I’ve mentioned a double blind tasting at Ridge several years ago, which was 3 flights of three wines. “Something different and something in common” with all the wines. The wines in the first two flights were distinct from each other. (Easy conclusion to me they were all Estate Cab, since I know what they make and they surely didn’t show like Monte Bello.) In the third flight the 1st and 3rd wine were confusingly similar, and the middle wine was so different than the rest, showing like PV, it threw my theme theory into question. With time, as the wines evolved in the glass, I began noticing that the 3rd wine kept showing how the 1st wine had shown a few minutes earlier. Hmm. Christopher had gone around the table pouring one wine, then the next, then the next, so it was a couple minutes between each. Turned out to be from three 750mls of the same vintage. So, the two glasses following the same exact trajectory made sense. (The anomaly is another issue.)

Francois,

I have uncorked maybe 60 or 70 wines pre 1950, so you have me there.

Of course, my question to you is this: have you ever opened two bottles of the same wine, let’s say a '53 or a '47, one three hours before tasting and the other right before tasting and then submitted these wines blind to a panel ?? If so,how many times??

What virtually every experiment done with wine younger than the '61 vintage does not show a statistically significant percentage of wines improving with aeration.
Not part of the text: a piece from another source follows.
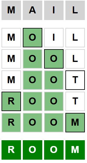 The starter word for the Weaver puzzle released today, November 27th 2024, is ‘MAIL‘ and the end word is ‘ROOM‘.

Sometimes the panel is mixed; sometimes the just opened bottles win hands down.

You have a strong point in there. People are claiming you have confirmation bias, but so many people you pour for have the opposite expectations of you. Their experiences belie that claim.

While the shark analogy was poor, there certainly was a time there was no explanation for that phenomenon. No sharks observed in the area. Blood poured in water. More and more sharks appear.

It certainly is not scientific to dismiss something out of hand, simply because there’s no explanation. Having certainty in an alternative explanation, without basis, isn’t scientific. It’s an alternative assumption. A preponderance of anecdotal evidence is a starting point.

I’ll also point out to people you don’t just universally find every one of these ancient wines great. You’ve also made note of how wines perform relative to your expectation. This also runs counter to the confirmation bias claim.

So, it seems to me there’s a greater chance there’s something to your method than not, even if we don’t know why.